SUPPLIED DATA:

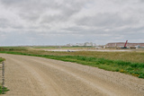 A gravel country road curves through the prairie landscape toward an industrial potash mine in Saskatchewan, Canada, with processing buildings, tailings pile, and cloudy sky in the distance.
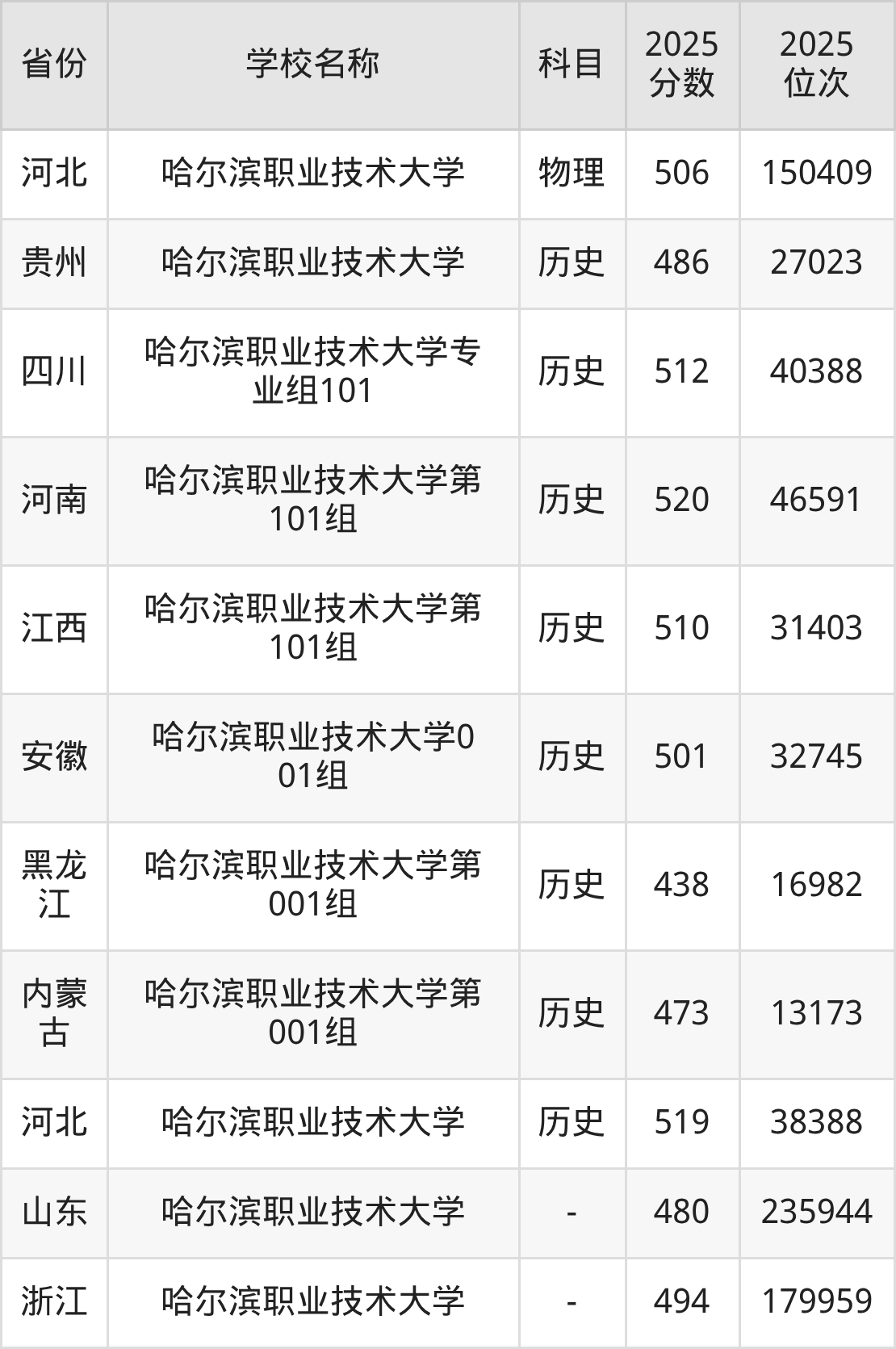 一、2025哈尔滨职业技术大学录取分数线
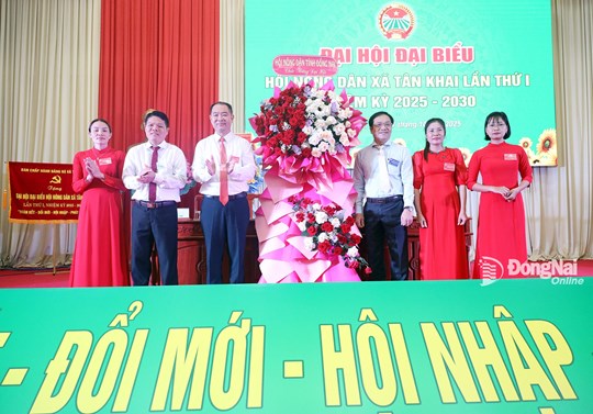 Lãnh đạo Hội Nông dân tỉnh Đồng Nai tặng hoa chúc mừng đại hội. Ảnh: Văn Hùng |
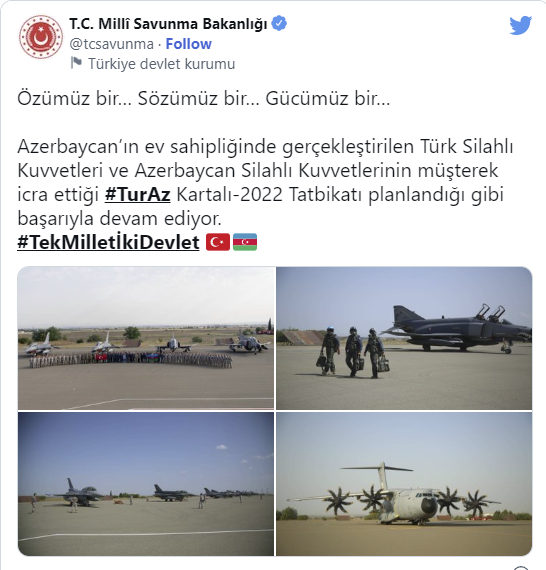 “Özümüz bir, sözümüz bir, gücümüz bir. Azərbaycanın ev sahibliyi ilə gerçəkləşdirilən Türkiyə Silahlı Qüvvələri və Azərbaycan Silahlı Qüvvələrinin birgə icra etdiyi “TurAz Qartalı-2022” təlimi planlaşdırıldığı kimi uğurla davam edir”.

EXERCISE INSTRUCTIONS:
Reproduce the opening lines of the material above exactly, ending with the line that contains "Lãnh đạo Hội". Omit every picture.

SOLUTION TO THIS TASK:
 A gravel country road curves through the prairie landscape toward an industrial potash mine in Saskatchewan, Canada, with processing buildings, tailings pile, and cloudy sky in the distance.
 一、2025哈尔滨职业技术大学录取分数线
 Lãnh đạo Hội Nông dân tỉnh Đồng Nai tặng hoa chúc mừng đại hội. Ảnh: Văn Hùng |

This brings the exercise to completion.